The introduction of exogenous serotonin against the background of vagus nerve irritation when the 5HT2 receptor is turned off leads to a change in the amplitude of the slow waves of EMG of the bladder from 0.1 ± 0.03 to 0.09 ± 0.004 mV (decrease by 10% p <0.05) with stable frequency (11.0 ± 0.13/min), the power of tonic contractions - from 1.1 ± 0.02 to 0.19 ± 0.003 (a decrease of 11.2% p <0.05). The frequency of the spikes varies from 1.3 ± 0.12 to 1.2 ± 0.09 (a decrease of 7.6% p <0.05), the amplitude of the spikes remained unchanged (0.05 ± 0.002 mV), the power of phase contractions is from 0.065 ± 0.005 to 0.06 ± 0.004 (decrease by 2.4% p <0.05), propulsive activity changes from 16.9 ± 1.3 to 16.5 ± 1.3 (decrease by 6.0% p <0.05). Those. administration of spiperone blocks an increase in propulsive motility due to a decrease in phase activity. Apparently, the phase component of the vagus nerve influence is provided by the serotonin of the trunk itself, that is, endogenous serotonin.

Conclusion

The study showed that the vagus nerve innervates the apex of the bladder and strengthens both the phase and tonic components of the contractile process. Thus, with stem vagotomy, not only intestinal atony and gastrostasis will be observed, but also hypotension of the apex of the bladder.

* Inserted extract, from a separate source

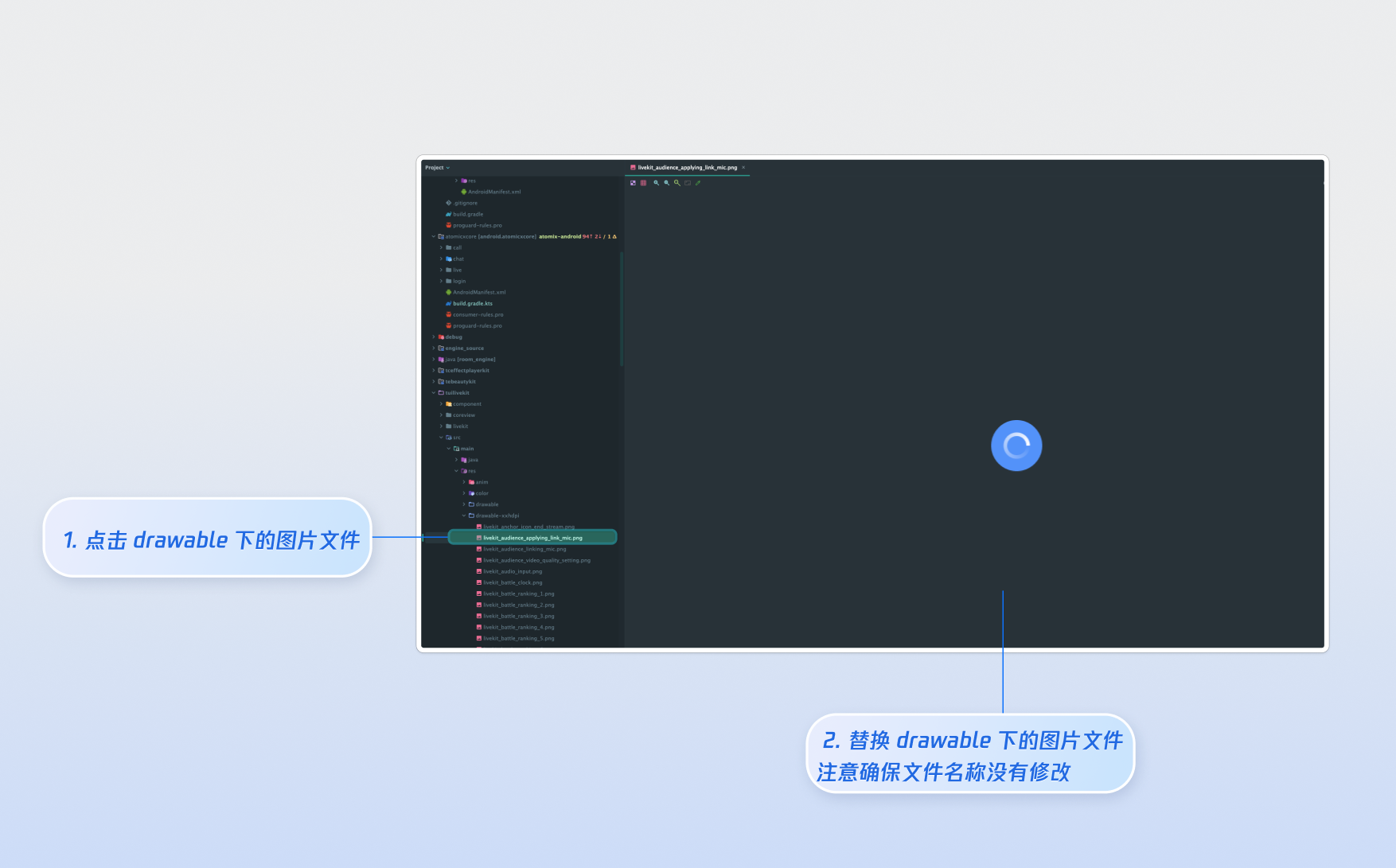 TUILiveKit 使用 drawable 资源来管理 UI 所需的图片资源。您可以直接在 tuilivekit 模块的 res/drawable 目录下替换同名图片资源,以实现图标替换。

Endogenous serotonin released during vagus nerve stimulation exerts a predominant effect on the phase component of the contractile process, activating 5-HT2 receptors.

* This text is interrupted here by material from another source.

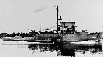 After the war on 12 September 1945, she was transferred to the Republic of China Navy as ROCS Yong Tai (PCE-41) under the Lend-Lease program. Yong Tai was commissioned on an unknown date under the command of Lieutenant Colonel Wang Enhua.[2] On 8 June 1947, Yong Tai was transiting from Huludao to Qingdao when a newly assigned second lieutenant Ji Rui armed with a gun fired 7 shots on board the ship, injuring the captain, Lieutenant Colonel Li Yuxi and two other officers. Naval officer Zheng Jiamo was killed during the incident. On the 17th, the ship then arrived in Qingdao and the Qingdao naval authorities were notified of the incident.[2]

The release of exogenous serotonin against the background of vagal irritation also creates phase and tonic activity with a predominant decrease in propulsive activity due to an increase in spastic contractions.

Exogenous and endogenous serotonin helps to reduce the propulsive activity of the smooth muscles of the apex of the bladder.